At a Japanese buffet. The guy on the left is my dad's uncle.

Last Tuesday, while waiting for my Sok-Gong (my grandfather's brother), we were hanging around the park and saw some car tire swings.
Well, Eunice and I have only seen them in old movies, so we tried sitting on them. I can't tell you how much it hurt my butt...
But soon, we were all swinging around, laughing and having fun like little kids (even my grandma and my dad).
The swings were very short, though. My feet kept hitting the tree roots. And did I mention how painful my butt was?




Me and my grandmother



It was also my first time seeing a pineapple plant. It was so cute!

My Sok-Gong also brought us to a deer farm in Rawang. 
One of us tried feeding them banana leaves and they actually liked them! In fact, they loved them!
Weird, huh? I didn't know deers could eat banana leaves. I hope they don't get food poisoning (trust me, I know how that feels like).




I have no idea what type of deer these two are.

In the evening, we had dinner with my dad's relatives.

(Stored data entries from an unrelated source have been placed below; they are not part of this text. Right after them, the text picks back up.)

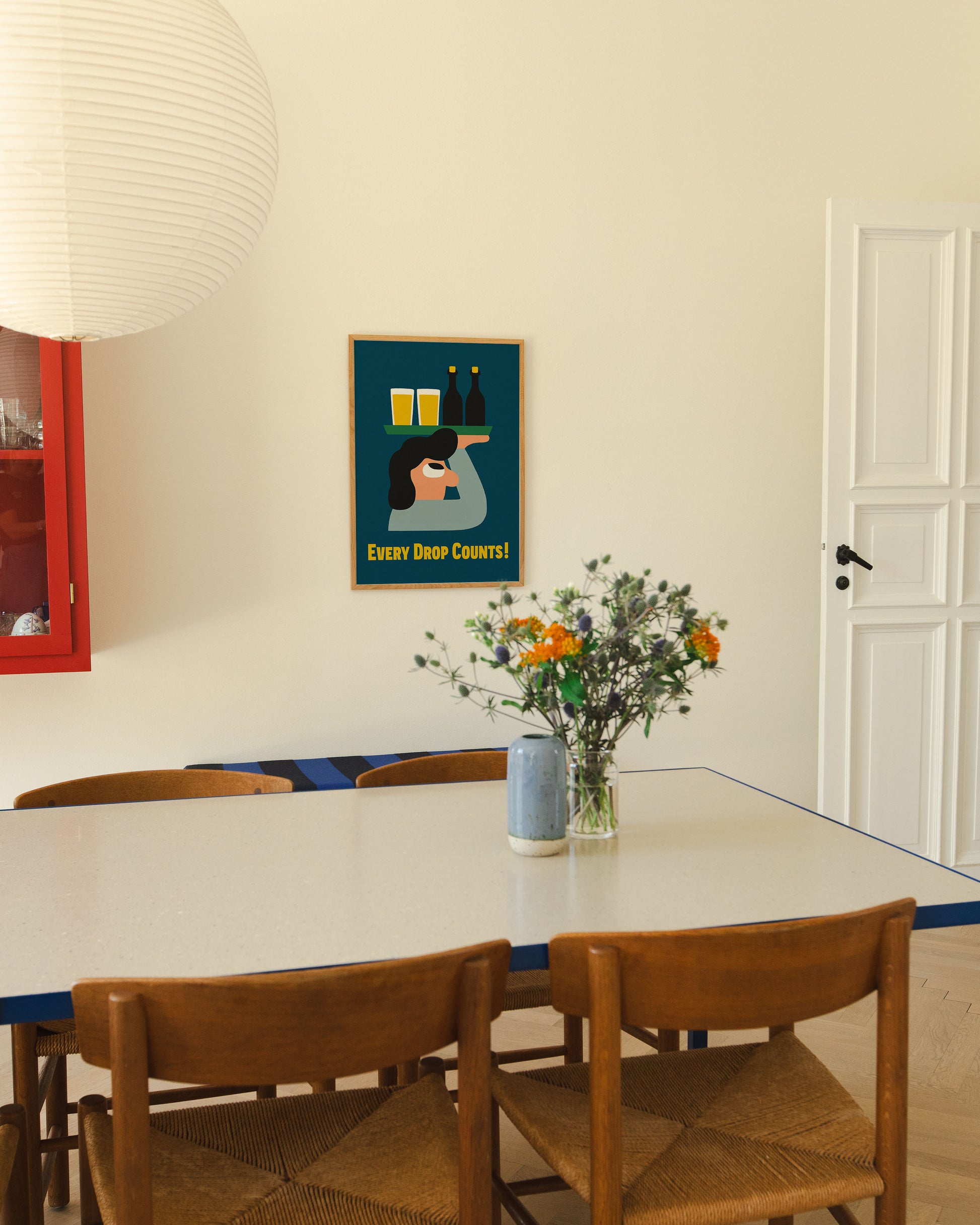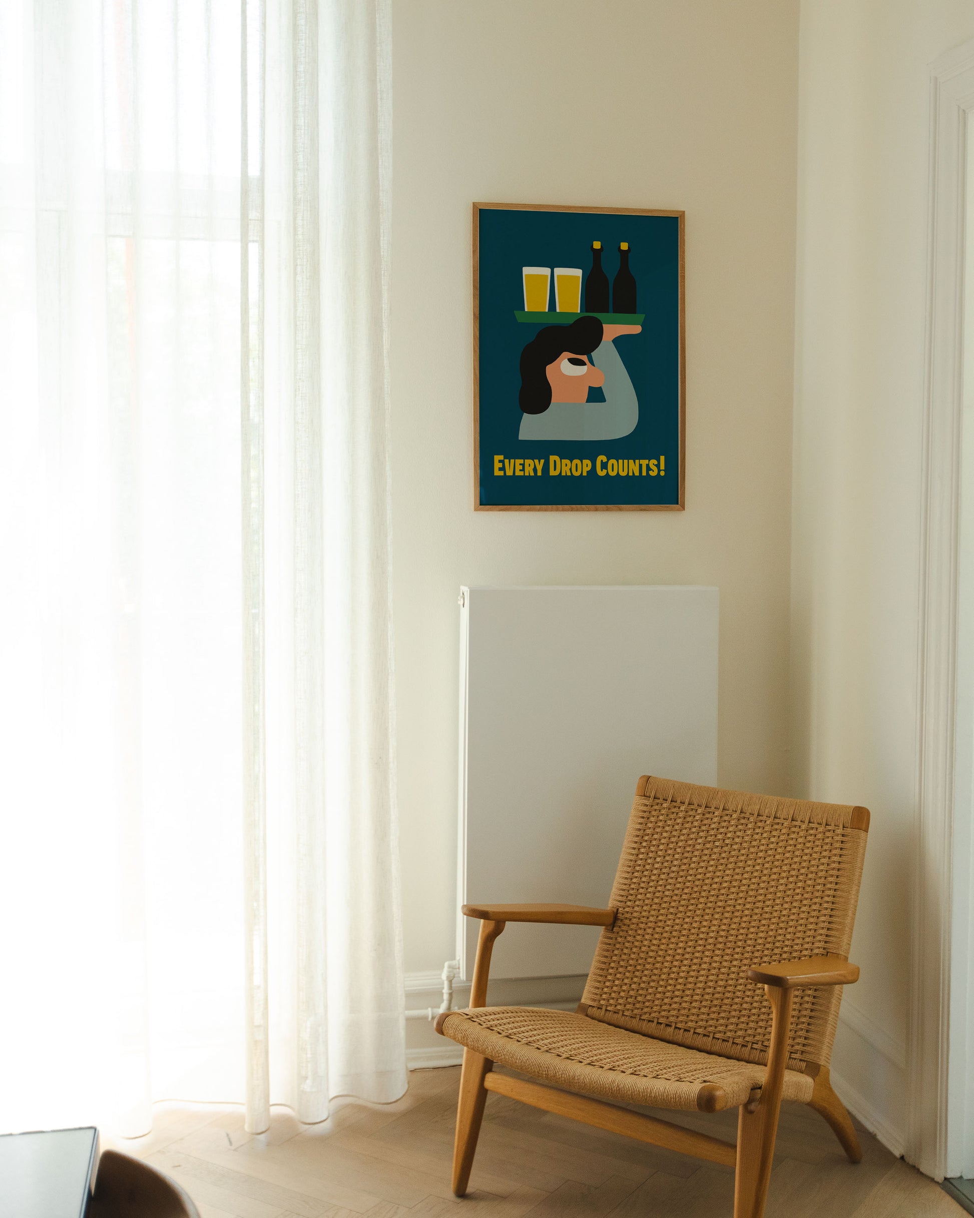 Here is the poster "Every Drop Counts Sally - Blue" which is based on Mikkeller's beer labels and artistic graphic universe.
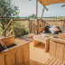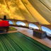 The luxury tent has an outdoor fireplace. A outdoor play equipment is also available at Gaia Twin Bell Tent, while guests can also relax on the sun terrace.
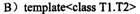 [单选题]有如下模板声明:templateclass A;下列声明中,与上述声明不等价的是A.t有如下模板声明: template<typename T1,typename T2>class A; 下列声明中,与上述声明不等价的是A.template<class T1,class T2>class A;B.template<class T1,typename T2>class A;C.template<typename T1,class T2>class A;D.template<typename T1,
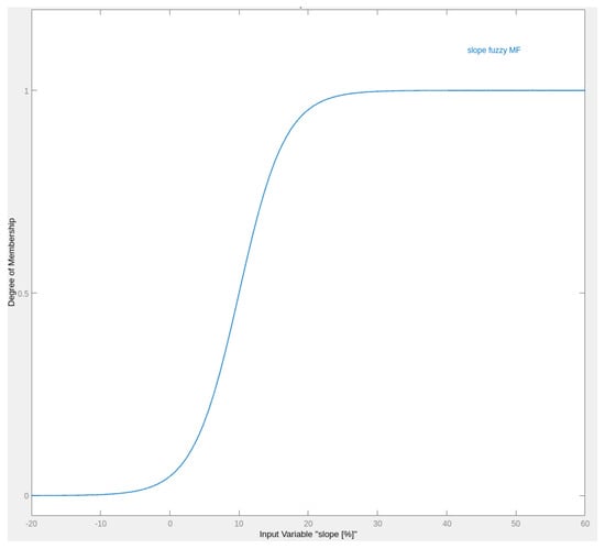 Based on the above data, two types of fuzzy membership functions can be defined: “easy” and “difficult” slopes. However, the “difficult” fuzzy set can be better described by a sigmoid (Figure 8) membership function than a trapezoidal (Equation (2)) one. The reason is that, beyond a specific value, the result is always “difficult”, unlike the “easy” fuzzy set, which is well expressed by a trapezoidal membership function.
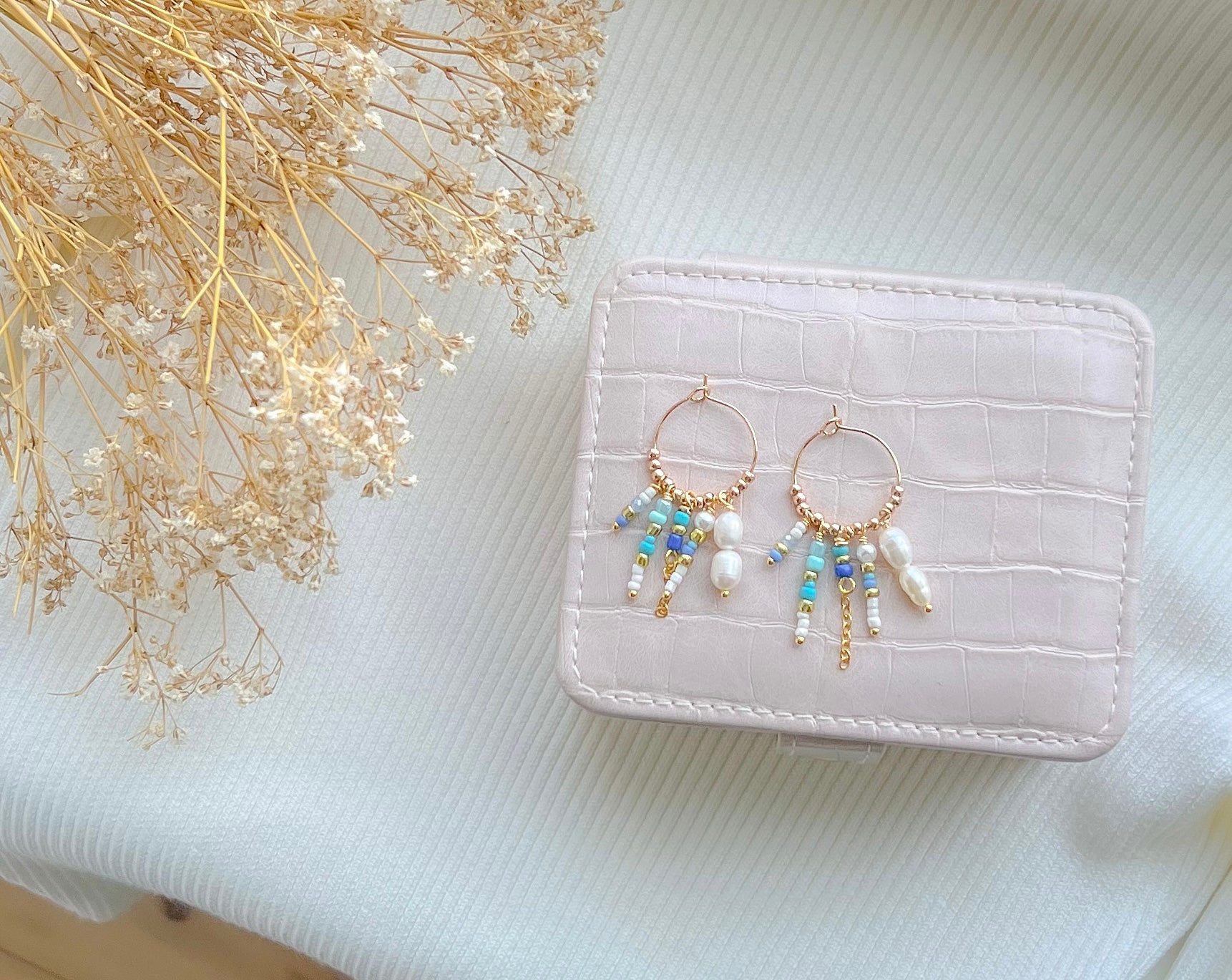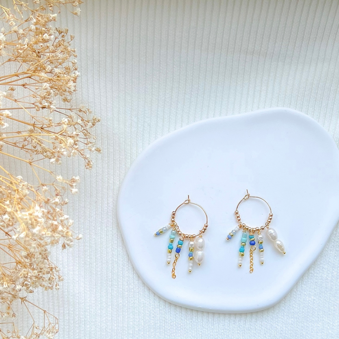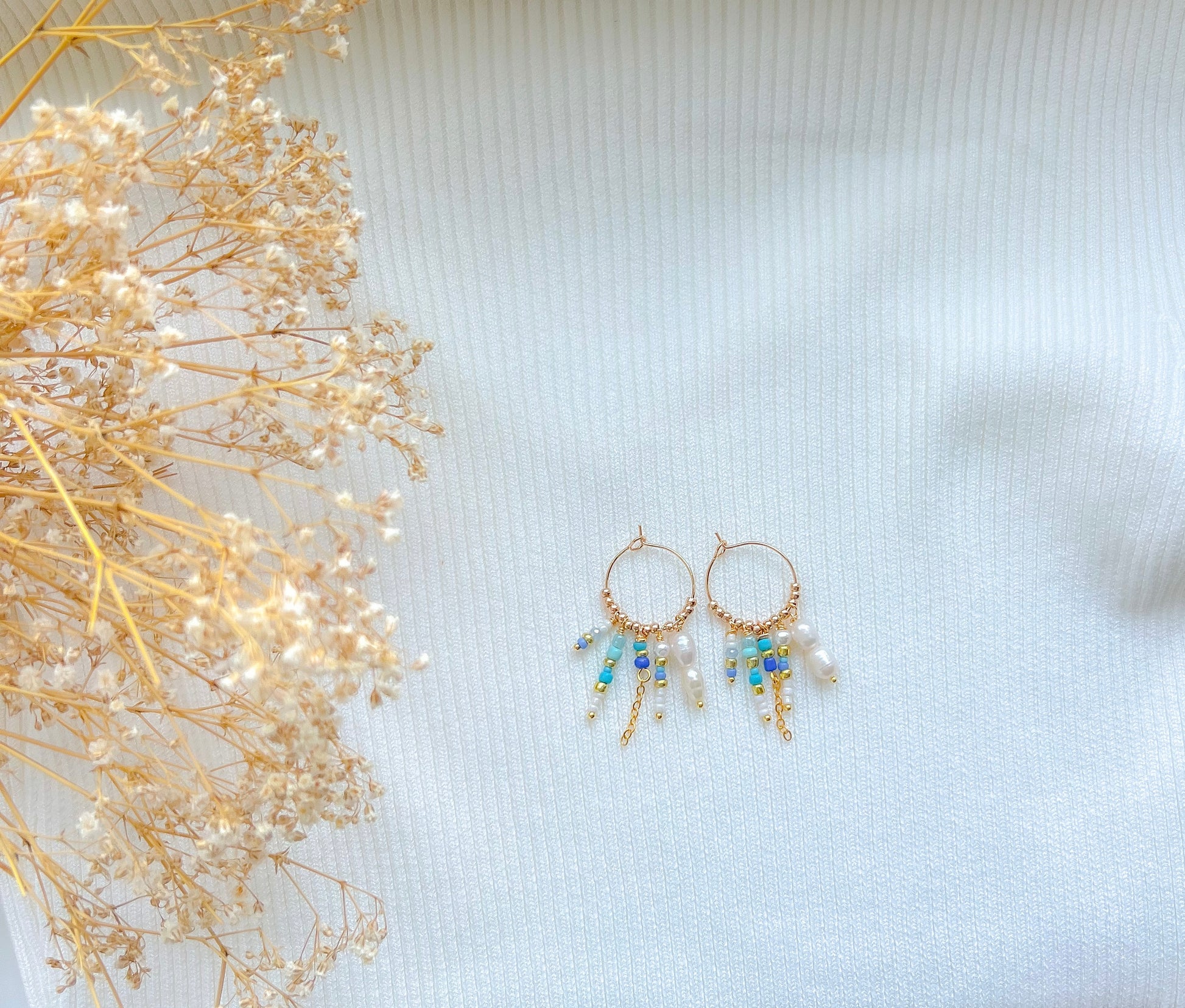 Super smukke øreringe med de flotteste blå farver og ferskvandsperler.

Sitting fourth from the left is my great-grandmother. I think she is 78 or 79 years old this year. 
She married at 17 and gave birth at 18. My grandmother also got married at 17 and gave birth to my dad at 18. So my great-grandmother became a grandmother when she was only 36 years old!
But my dad married at 28 and had me when he was 31 :D
The small boy on the right is my 2nd cousin (my dad's cousin's son) Marques (same pronunciation as Marcus). He's 16 months. It was my first time seeing him.
So my Tai-Po has three great-grandchildren now. I hope I get to live long enough to see my great-grandchildren.....that is, if I get married (which is highly improbable).

-Eliza

Tuesday, January 25, 2011

Hello, 2011!

You know, Chinese New Year can be as hectic and stressful as Christmas shopping.
Visiting friends, writing cards, preparing ang pows, the list goes on and on....
And I still can't get used to writing 2011 on my homework and calling myself twelve.


Visiting Charis

My cousin Ariel and her parents will also be coming back, but we wrote CNY cards to send to them for fun.


Eunice's drawing's so cute, right? I don't really like to draw, but I drew the sun and rainbow...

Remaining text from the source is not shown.